Aside from its inexcusable environmentally irresponsible practices, the brand has also been accused of stealing designs from smaller fashion labels and printing out low-quality copies for a fraction of the price. We unpack the dark side of SHEIN and why its introduction to the South African retail market would be an inauspicious mistake.

 

South Africa’s crumbling textiles industry

According to the Bureau for Economic Research’s latest Retail Survey for the second quarter of 2024, consumer confidence in semi-durable goods retailers including textiles, clothing, footwear, and leather goods, declined massively from 68% in the prior quarter to 38%. Expectedly, online competitors such as TEMU and SHEIN were listed as being part of the problem. The fast fashion brands have caused chaos in the South African retail space, with local retailers struggling to compete with their lower prices.

 

SHEIN’s treacherous environmental impact record

From hazardous chemicals to carbon emissions and microplastics, SHEIN is making zero effort that we can see. It follows an unsustainable fast fashion model with quickly changing trends and regular new styles. On top of that, brands mass-producing such cheap, poorly-made clothing perpetuate a throwaway fashion culture simply by existing.

 

SHEIN packages | PINTEREST


Aside from using a couple of lower-impact materials here and there, there is no evidence the brand is taking any meaningful action to reduce its substantial impact on the environment. With that being said, it wouldn’t make any sense for South Africa, a country that is vocal about climate change AND has gone as far as signing the Paris Treaty to entertain the mere idea of SHIEN.

 

Unjust labour conditions – another weak point for SHEIN

It should come as no surprise that SHEIN makes as much effort for people as it does for the planet – next to none. Aside from auditing some percentage of its supply chain, it is making no headway on improving its labour conditions.

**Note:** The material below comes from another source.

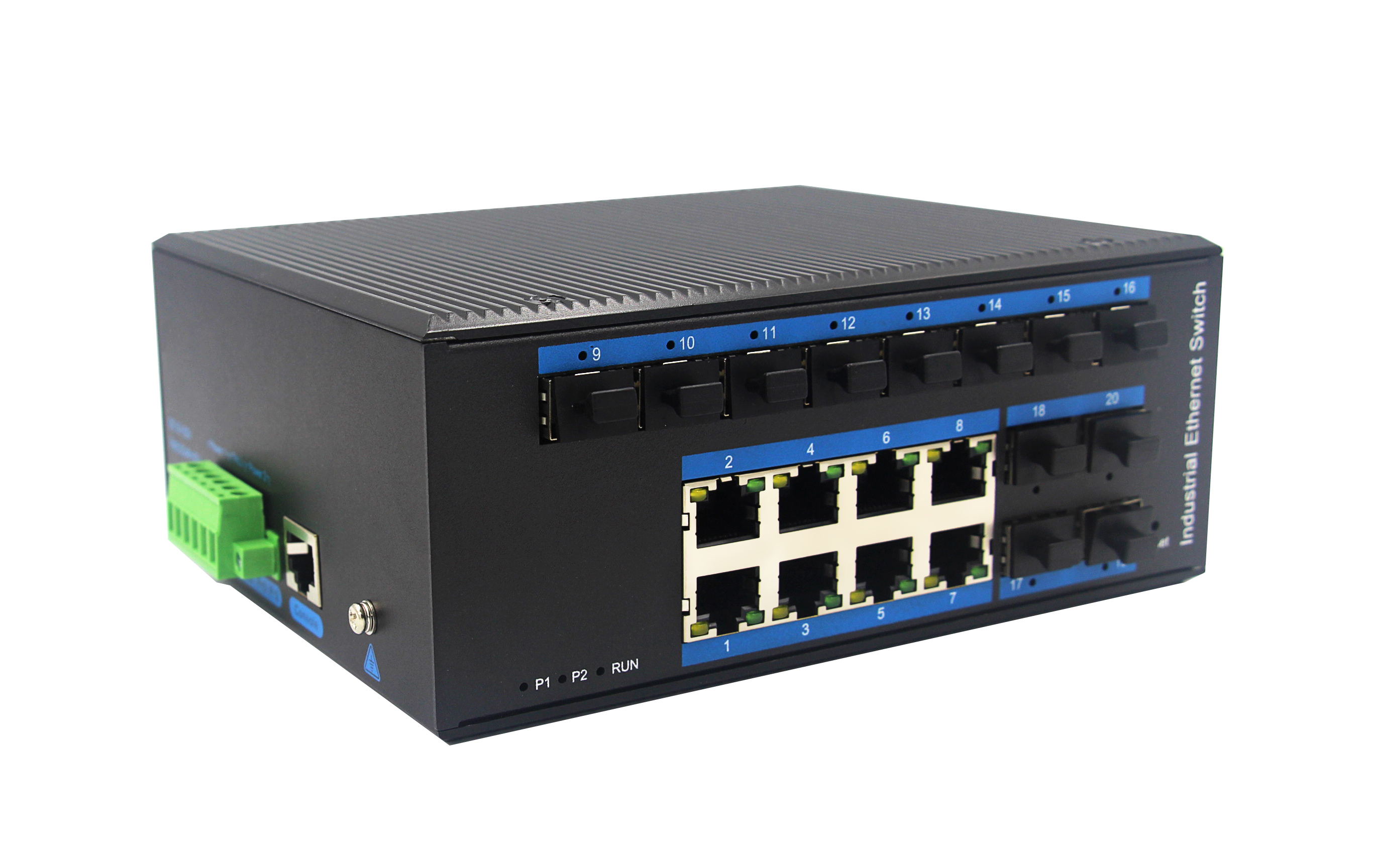 12個(gè)千兆光+8個(gè)千兆自適應(yīng)電口、SFP接口、DC12-52V供電-寬溫(-40℃-85℃) |

The brand also received the lowest score of 0-10% in the 2022 Fashion Transparency Index.

 

Factory workers | PINTEREST


With a constitution that is constantly finding new ways to improve labour relations, South Africa has no business being associated with a brand that has contrasting standards. Workers should have the right to a living wage, collective bargaining, and an abuse-free work environment – something that SHEIN clearly knows nothing about.

 

Animal welfare

Notably, SHEIN does not appear to use leather, fur, or exotic animal skin in its products, which is great. However, the brand basically discards all that good work by using wool, down, exotic animal hair, decorative feathers, and silk without stating sources, and doesn’t trace any animal products even to the first stage of production.

 

While it has a formal policy aligned with the Five Freedoms of Animal Welfare, there are no clear implementation mechanisms in place.

 

Impact of fast fashion | PINTEREST


Alleged tax violations – a big red flag 

Many retailers have attributed SHEIN’s notably lower prices to alleged tax law violations, a claim that is currently before the South African High Court. The brand is being accused of abusing the de minimis rule to get clothing parcels of under R500 through customs with a 20% import duty and 0% VAT. Local retailers also claim that TEMU and SHEIN break up larger orders into smaller quantities and packages to ensure they are under R500.

 

After benefitting from the lower 20% tax, they then must combine the orders before shipping them to clients. SHEIN has refuted these claims, by saying it keeps prices affordable through its technology-based on-demand business model and flexible supply chain, not by dodging local taxes.


Even at surface level, it is impossible to perceive SHEIN’s latest venture as something beneficial for South Africa’s fashion industry or our economy at large.